Tuesday, November 17, 2009

Advanced Digi Discovery Protocol

When you work with microcontrollers you most often use some type of serial protocol to communicate between devices or with a computer. This is not always suitable, especially when doing so over longer distances. To solve this you get a very useful device called the Digi Connect ME or Digi Connect WiME (which is the same, except it uses WiFi where the other uses ethernet).

This device basically converts all types of serial protocols to ethernet and is very customizable.
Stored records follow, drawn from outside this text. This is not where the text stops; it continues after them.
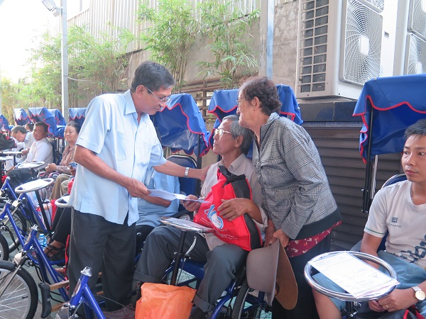 Ông Nguyễn Văn Rảnh - Phó Chủ tịch Hội Bảo trợ bệnh nhân nghèo Thành phố hỏi thăm và trao quà cho người khuyết tật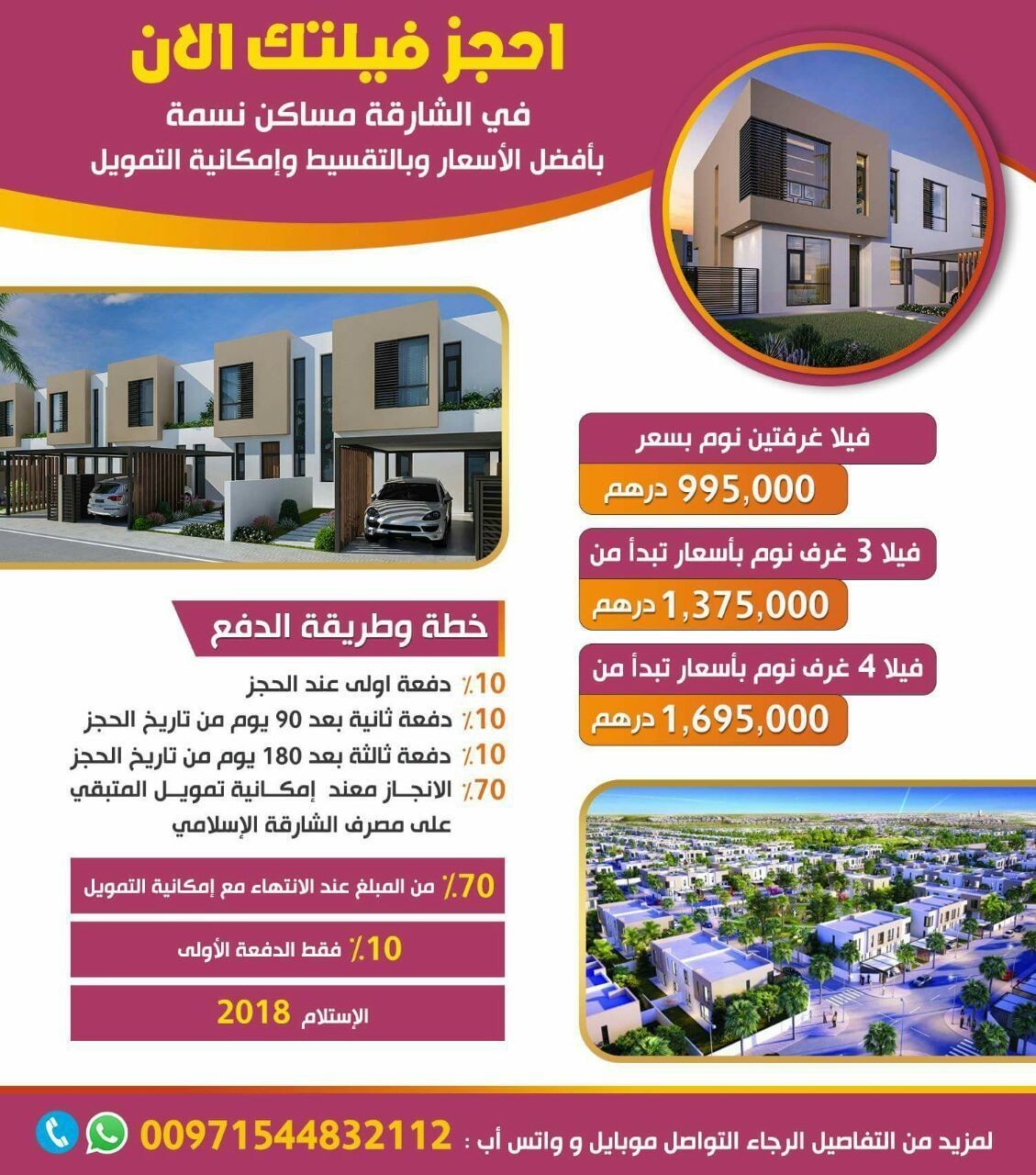 http://i.suar.me/j8Pm1/l احجز فيلتك الان في الشارقة مساكن نسمة بافضل الاسعار وبالتقسيط وامكانية التمويل. للاستعلام والاتصال او واتس اب : 00971544832112 أحدث التصاميم في أجواء عائلية مميزة للباحثين عن الاستثمار في منطقة الطي مشروع مساكن نسمه السكني لجميع الجنسيات من شركة أراد للتطوير العقاري. فيلا غرفتين نوم بسعر 995,000 درهم فيلا 3 غرف نوم بأسعار تبدأ من 1,375,000 درهم فيلا 4 غرف نوم بأسعار تبدأ من 1,695,000 درهم تحتوي جميع الفلل طابقين مكونة من غرف نوم ومطبخ ومعيشة وغرفة طعام وغرفة خادمة و مواقف سيارات يحتوي المشروع على مراكز تسوق ومساجد و مدارس و حدائق ومراكز رياضية و مركز صحي بالاضافة الى ان جميع رسوم الصيانة و الخدمات مجاناً مدى الحياة و تملك حر مدى الحياة لجميع الجنسيات. خطة و طريقة الدفع: 10% دفعة اولى عند الحجز 10% دفعة ثانية بعد 90 يوم من تاريخ الحجز 10% دفعة ثالثة بعد 180 يوم من تاريخ الحجز 70% عند الانجاز مع إمكانية تمويل المتبقي على مصرف الشارقة الاسلامي ويعتبر مشروع مساكن نسمة في الشارقة مشروعا مشتركا بين رئيس مجلس إدارة KBW للاستثمارات الأمير خالد بن الوليد بن طلال، ورئيس مجلس إدارة مجموعة بسمة الشارقة "بسمة" الشيخ سلطان بن أحمد القاسمي رئيس مجلس للاستعلام والاتصال او واتس اب : 00971544832112 Sizes : 2 BR 1503 Sq.ft BUA plot size : 1469 sq.ft 3 BR starts 1986 BUA up to 2306 sq.ft Plot size : 1921 up to 2600 sq.ft 4 BR starts 2624 BUA up to 3086 sq.ft Plot size : 3277 up to 5106 sq.ft |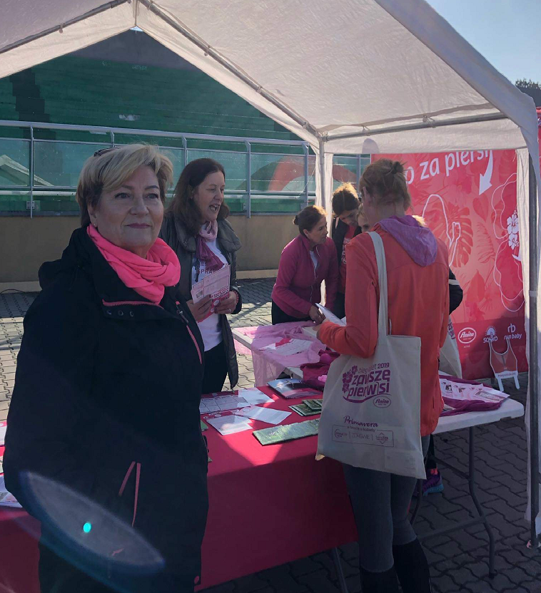 Prowadzimy także spotkania profilaktyczne z elementami samobadania piersi, w tym z wykorzystaniem fantomów, w poznańskich zakładach pracy, szkołach, czy podczas różnych wydarzeń organizowanych przez miasto Poznań.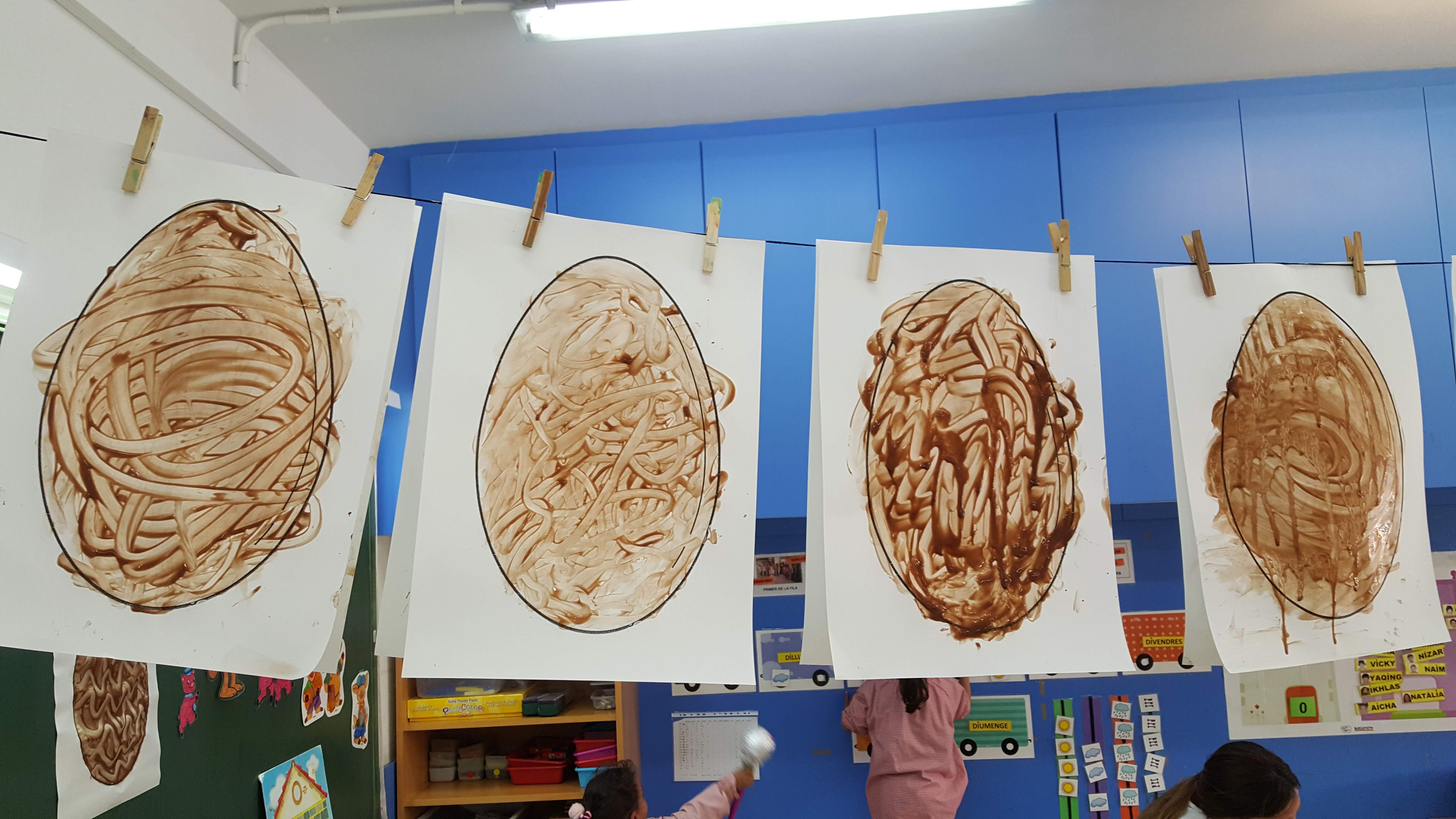 Quina millor manera de pintar l’ou de Pasqua que fent servir els nostres dits, les nostres mans i xocolata desfeta !!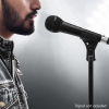 Se não quiser segurar o microfone na mão, pode montá-lo no suporte fornecido, que possui uma conexão rosqueada fêmea de 3/8 "na parte inferior.

We, for instance, have it configured to persistently attempt to establish a connection to our server. Any data sent/received to the serial port or the ethernet connection will be transferred to the other side. So it basically allows ethernet communication without the effort or complexity of implementing any of the numerous protocols needed to do TCP/IP communication.

Since you don't have a computer screen or some display, to configure/manage these devices require some extra utilities. Imagine having changed the IP address of the device, it's not configured to do any communication automatically and you forget what you configured? How would you figure this out other than doing a lengthy and complex IP scan? You can also not reset the device to it's default, which will not help you in any case, because it's default is to use DHCP and you don't have a DHCP server on your network? This is just one of the many difficulties with electronics. With a computer you can jump in front of the keyboard and configure an IP address. So what to do?

The developers of the Digi device also made a utility called Digi Device Discovery. It uses their proprietary ADDP (Advanced Digi Discover Protocol) protocol to send a UDP multicast. All Digi devices will then respond with their configured IP address and some other bits of information. It also allows you to configure the IP address using these same multicast packets. On top of this they also give a C header file and library so you can have this functionality in your own applications. I'm sure you can see the amazing benefits of this, especially if you have a distributed network of electronic devices with these embedded Digi units.

Unfortunately this application is only for Windows, and the header only for C and again only for Windows. From what I can gather the Digi folks haven't found the time to document the protocol either, and I couldn't find anything useful on the internet. I did, however, find a short description of one of the packets and a few of the fields after I completed my analysis of the first 4 packets. What timing as this could have saved me 3 hours.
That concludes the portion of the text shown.